Among those experiencing high pain, 17.2% received no pain medication, and 22.1% were prescribed only PRN medications. Our assessment, which included over-the-counter medications like paracetamol, indicated a comprehensive overview of analgesic use. This finding aligns with other German studies, where around 18% of patients with rheumatoid arthritis and severe pain reported not receiving analgesics. Notably, 34.7% of our participants were opioid users, which is consistent with findings from similar studies at comparable time points. Most opioid users in our study opted for extended-release formulations, and approximately 81% used them on a scheduled basis, in accordance with the World Health Organization (WHO) pain management guidelines.

 

The predominant analgesics used were non-opioids, primarily metamizole and a combination of metamizole with tilidine/naloxone, reflecting German guidelines that advocate for the use of several non-opioids for pain management. While metamizole is effective, its association with agranulocytosis has led to restrictions in its use in several countries. Nevertheless, it remains prevalent in German studies focusing on various pain conditions.

 

Despite three-quarters of patients claiming to possess a medication plan, only about one in four produced a BMP. Given that 85% of participants were on three or more scheduled medications, this low percentage is concerning, especially since all had experienced a significant medical event that likely altered their treatment plans. Previous studies also reported low BMP utilization rates in hospital settings, indicating a potential gap in patient management.

 

The highest BMP usage was found among those on scheduled analgesic treatments. However, nearly 47% of participants using only PRN medications had neither a BMP nor any written plan. This lack of documented instructions could lead to undertreatment or inappropriate medication use, impeding recovery. Recent reviews highlight that patient involvement and shared decision-making are crucial for effective PRN medication management.
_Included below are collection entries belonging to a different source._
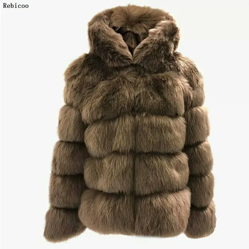 Зимнее женское толстое теплое пальто с капюшоном из искусственного ...
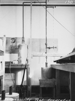 The compression testing program, with specimens 8" (20cm) in diameter and 16" (40cm) long, seems to have followed standard procedures. However, the permeability test, if not unique, was at a minimum innovative. The concrete specimens were 13" (33 cm) in diameter and 14.5" (37cm) long and cast with a small internal chamber connected to a metal injection pipe with an external water-stop. The test apparatus forced water into the chamber at a constant pressure with a gauge to measure the water entering the specimen with a means of measuring the amounts passing through the concrete, and a separate measure of any leakage from around the pipe used for the injection. A photo of the apparatus used in the test is shown in Figure 2.
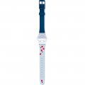 Dit Swatch horlogebandje is gemaakt van resin en wordt aan het horloge bevestigd door middel van stalen pennen. De band heeft een breedte van 12 mm en wordt gesloten door middel van een gesp. De band heeft geen rechte aanzet wat betekent dat deze band alleen geschikt is voor de horloges die hieronder worden vermeld.
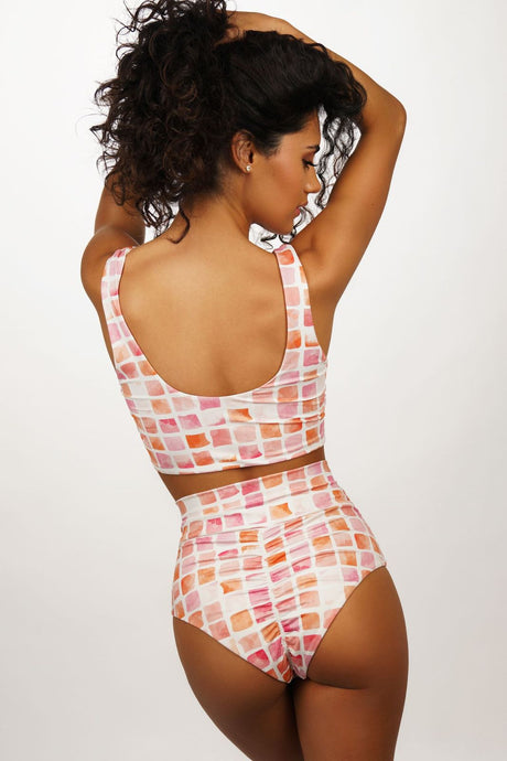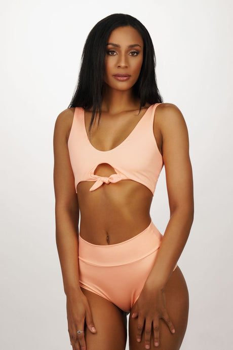 High waisted bathing suits work perfectly for tummy control for a relaxed slimming effect. If you are searching for bathing suits that make you look slimmer, these are the swimwear bottoms for you. Well-placed cutouts are an elegant choice to help define the waist. As apple body types usually have a smaller bust, a tube top or extra embellishment on the bikini top are ways to highlight this area and draw attention away from the bottom half. This assists to create balance to the frame for a slimming silhouette.
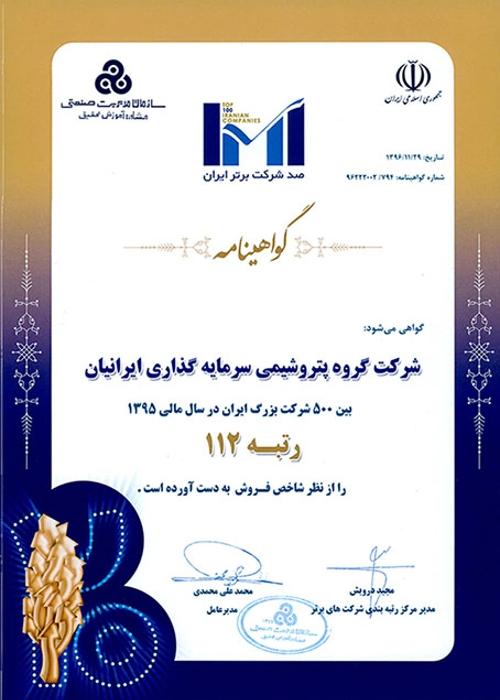 كسب رتبه 112 از بين 500 شركت بزرگ ايران از نظر شاخص فروش در سال 1395
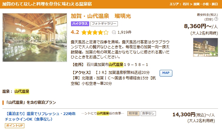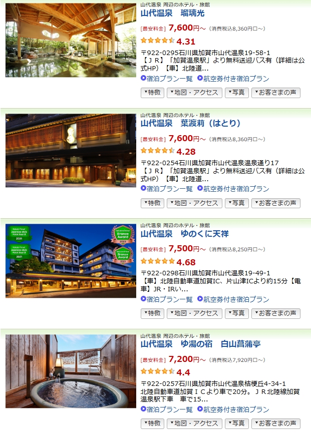 加賀の名湯 山代温泉、ビュッフェと遊び、車10分。
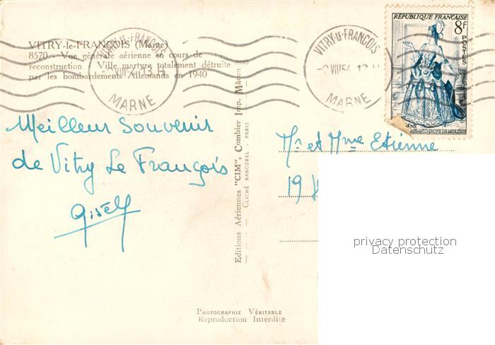 13833275 Vitry-le-Francois 51 Marne Vue aérienne postalisch gelaufen Erhaltung siehe scans [FriedD77] carte postale Frie Katcode 11170051451649
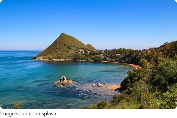 Located in the Bejaia province of Algeria, Yemma Gouraya National Park is a protected UNESCO Biosphere Reserve. This scenic paradise is renowned for its rugged mountains, panoramic sea views, and lush biodiversity. Rising 660 meters above sea level, Mount Yemma Gouraya overlooks the Mediterranean Sea and is steeped in local legends and spiritual significance as it is believed to be the resting place of Bejaia's patron saint, Yemma Gouraya.
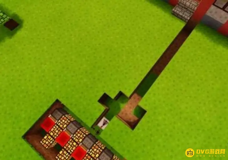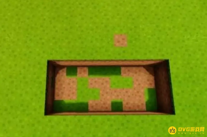 2、然后在这块地上挖出宽度为9个方块,长度为4个方块,深度为2个方块的凹槽。

Thus, employing tools like pain diaries to document PRN medication use may help clinicians assess and adjust pain management strategies, which is especially vital for improving mobility post-fracture.

 

The study’s strengths include the thorough drug assessment conducted in participants’ home environments, encompassing both over-the-counter medications and medication schedules. This approach allowed for in-depth analyses of pain medication and intensity. Furthermore, the study’s design enabled the inclusion of vulnerable populations, such as individuals with dementia. However, selection bias may be present, as healthier participants could have been overrepresented.

 

Pain assessment was general and did not differentiate between PFF-related pain and other chronic conditions, complicating our ability to link analgesic use to specific pain sources. Additionally, only 444 of the 515 participants provided medication information, although the demographic similarities suggest that this limitation does not significantly affect the overall findings.

 

The study highlights that a significant proportion of patients reported high-intensity pain approximately three months post-PFF, raising concerns about the adequacy of pain management, particularly for those receiving no or only PRN medications. The notably low BMP utilization underscores a need for improvements in medication management strategies for this patient population.

 

Pain is common after hip fractures, impacting recovery and quality of life. The “ProFem” study evaluated healthcare provision, functional ability, and quality of life following hip fractures, utilizing health insurance data and participant surveys. Data from 444 participants, with an average age of 81.2 years (71% female), revealed that half experienced significant pain, with self-rated health indicating low status. Among those in pain, 21.9% received only PRN medication, and 17.2% received no pain relief. While 61.5% had a medication plan, only 25.2% had a BMP. These findings raise questions about the adequacy of pain treatment, highlighting potential areas for improvement in medication management.